(What is expected):
From the material below, retype exactly the lines that begin at the line with "Schematic depiction of" and end after the line with "Are you looking"; pictures stay out of the copy.

(Available data):

┄┄┄┄┄┄┄┄┄┄┄┄┄┄┄┄┄┄┄┄

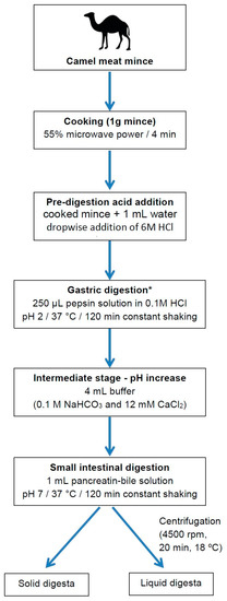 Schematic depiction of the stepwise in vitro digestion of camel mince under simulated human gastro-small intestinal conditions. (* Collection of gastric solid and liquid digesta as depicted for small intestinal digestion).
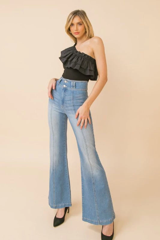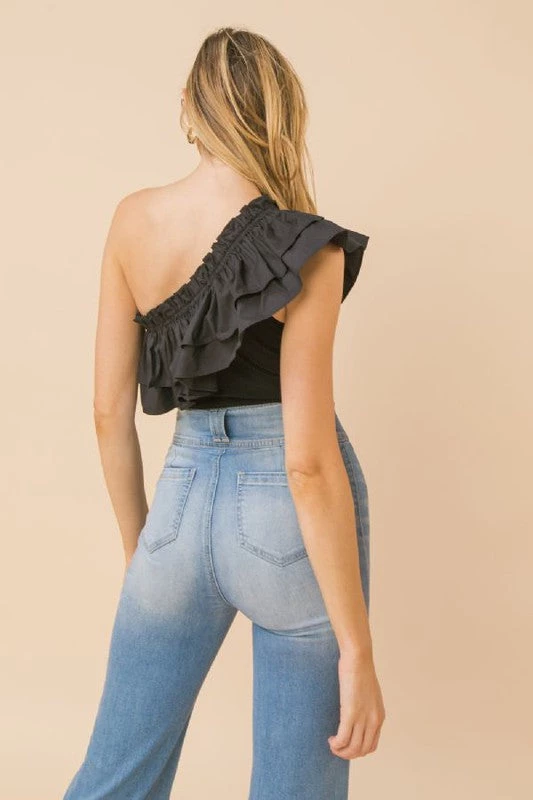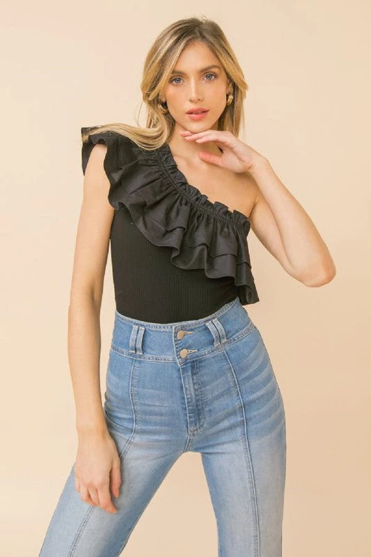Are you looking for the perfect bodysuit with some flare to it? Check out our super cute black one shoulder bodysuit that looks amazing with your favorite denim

┄┄┄┄┄┄┄┄┄┄┄┄┄┄┄┄┄┄┄┄

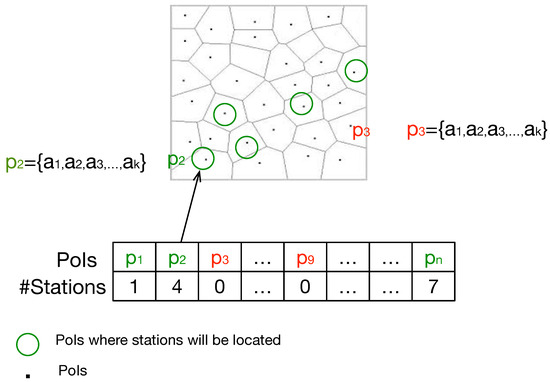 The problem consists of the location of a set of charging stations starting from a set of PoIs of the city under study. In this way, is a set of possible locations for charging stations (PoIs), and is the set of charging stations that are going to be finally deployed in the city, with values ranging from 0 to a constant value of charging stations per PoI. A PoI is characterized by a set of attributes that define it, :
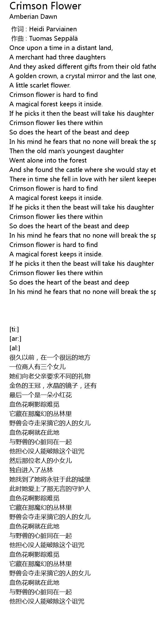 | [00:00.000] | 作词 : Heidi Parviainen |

┄┄┄┄┄┄┄┄┄┄┄┄┄┄┄┄┄┄┄┄

(Answer):
 Schematic depiction of the stepwise in vitro digestion of camel mince under simulated human gastro-small intestinal conditions. (* Collection of gastric solid and liquid digesta as depicted for small intestinal digestion).
Are you looking for the perfect bodysuit with some flare to it? Check out our super cute black one shoulder bodysuit that looks amazing with your favorite denim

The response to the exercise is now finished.